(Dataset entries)
== Segment start ==

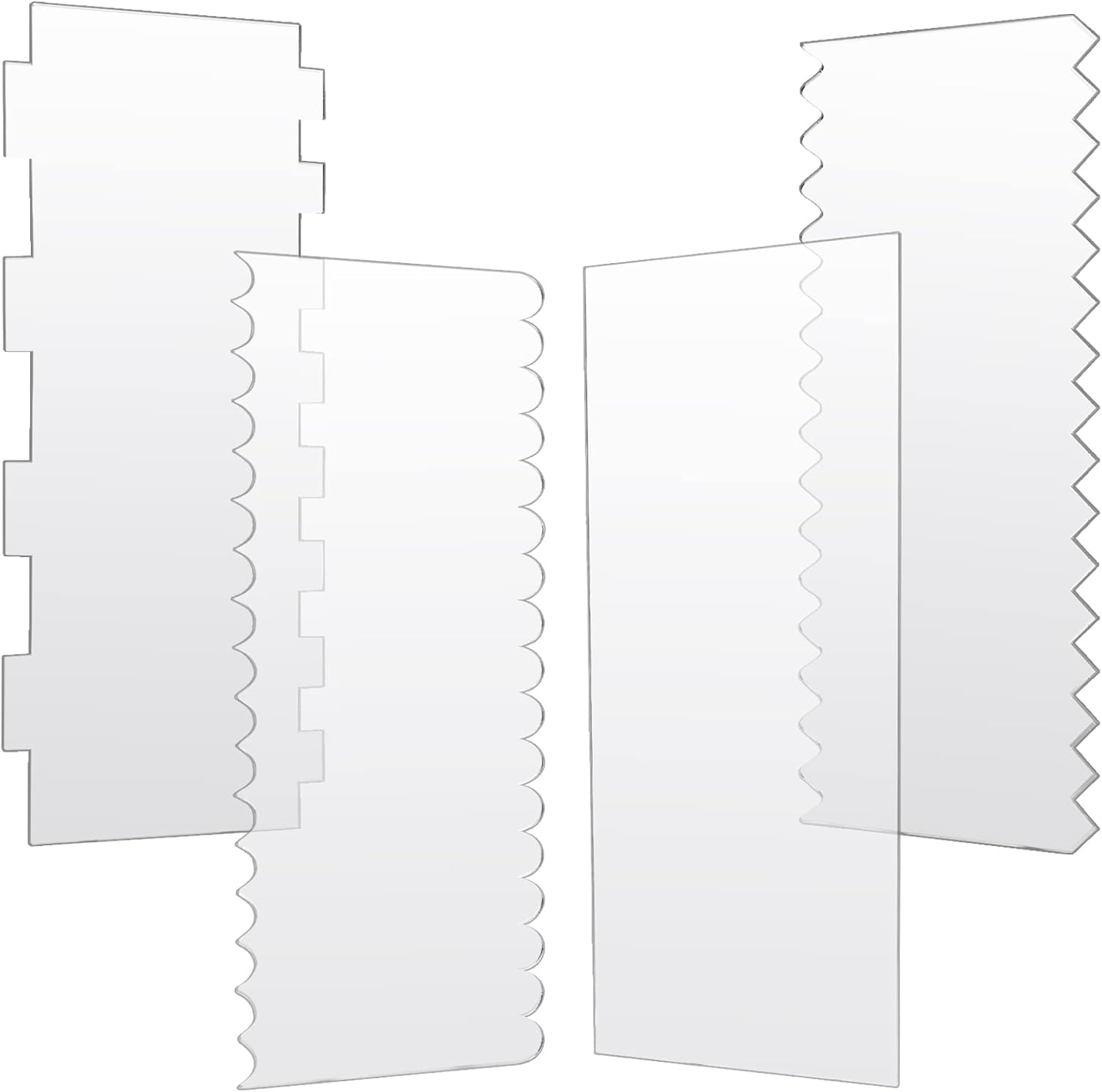 JOERSH 4pcs Acrylic Cake Scrapers Clear Combs Icing Frosting Buttercream Edge Smoother for Mousse Butter Cream Decoration
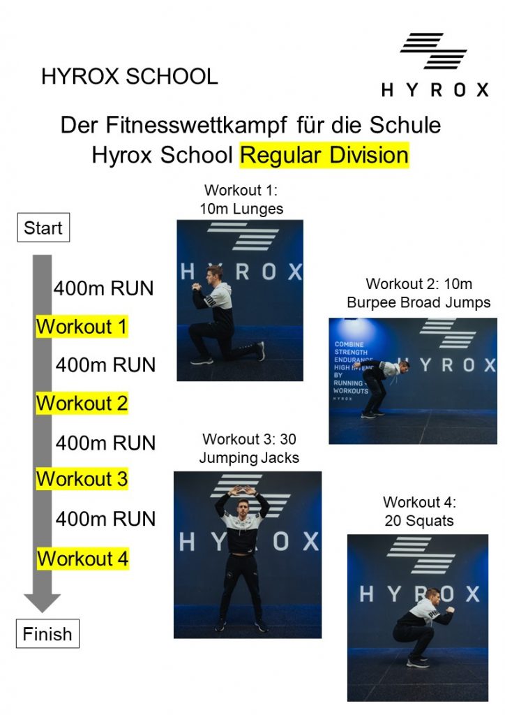 In einer innovativen Mischung aus vier 400m Läufen, die sich mit 4 unterschiedlichen Workouts abwechseln, können die Schülerinnen und Schüler ihr persönliches Fitnesslevel austesten. HYROX School ist damit eine abwechslungsreichere Alternative zum Cooper-Test, der bei Schülerinnen und Schülern eher unbeliebt ist.
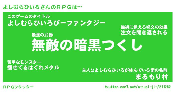 | 男性向けラノベタイトル風あだ名 | 『ヨシムラヒイロアートオンライン』 |
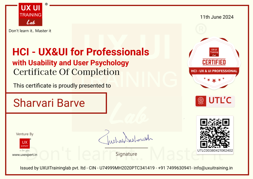 Certificate Issued By : UXUITrainingLab Pvt. Ltd
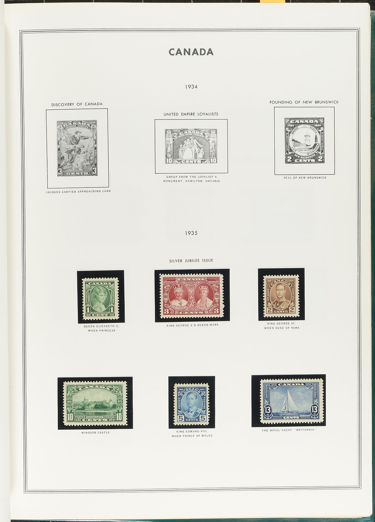 Very nice collection of primarily mint Canada in a Harris album, 1870's-1970's, containing a few hundred stamps neatly organized in hingeless mounts. The collection generally ranges from Scott #36/601, including better stamps with Scott #s 36-37 (mh, c.v. $245 total), mint Jubilees (1c-6c, 20c, all with a few gum issues), used Jubilees (8c, 50c, c.v. $245 total), complete set of Quebecs (used and no gum stamps), $1 Admiral (mh, $85), part mint and used sets of Scrolls and Arch issues, and complete mint sets of Medallion and 1935 Pictorial issues. A nice start to a mint collection, noting a mixture of mint hinged and no gum issues pre-1930's, and hinged and a few never hinged thereafter, overall fine to very fine. Estimate =

== Segment end ==

> [THE PROBLEM]: Copy out the lines above unchanged. Skip the images.

> [SOLUTION TO THIS TASK]:
 JOERSH 4pcs Acrylic Cake Scrapers Clear Combs Icing Frosting Buttercream Edge Smoother for Mousse Butter Cream Decoration
 In einer innovativen Mischung aus vier 400m Läufen, die sich mit 4 unterschiedlichen Workouts abwechseln, können die Schülerinnen und Schüler ihr persönliches Fitnesslevel austesten. HYROX School ist damit eine abwechslungsreichere Alternative zum Cooper-Test, der bei Schülerinnen und Schülern eher unbeliebt ist.
 | 男性向けラノベタイトル風あだ名 | 『ヨシムラヒイロアートオンライン』 |
 Certificate Issued By : UXUITrainingLab Pvt. Ltd
 Very nice collection of primarily mint Canada in a Harris album, 1870's-1970's, containing a few hundred stamps neatly organized in hingeless mounts. The collection generally ranges from Scott #36/601, including better stamps with Scott #s 36-37 (mh, c.v. $245 total), mint Jubilees (1c-6c, 20c, all with a few gum issues), used Jubilees (8c, 50c, c.v. $245 total), complete set of Quebecs (used and no gum stamps), $1 Admiral (mh, $85), part mint and used sets of Scrolls and Arch issues, and complete mint sets of Medallion and 1935 Pictorial issues. A nice start to a mint collection, noting a mixture of mint hinged and no gum issues pre-1930's, and hinged and a few never hinged thereafter, overall fine to very fine. Estimate =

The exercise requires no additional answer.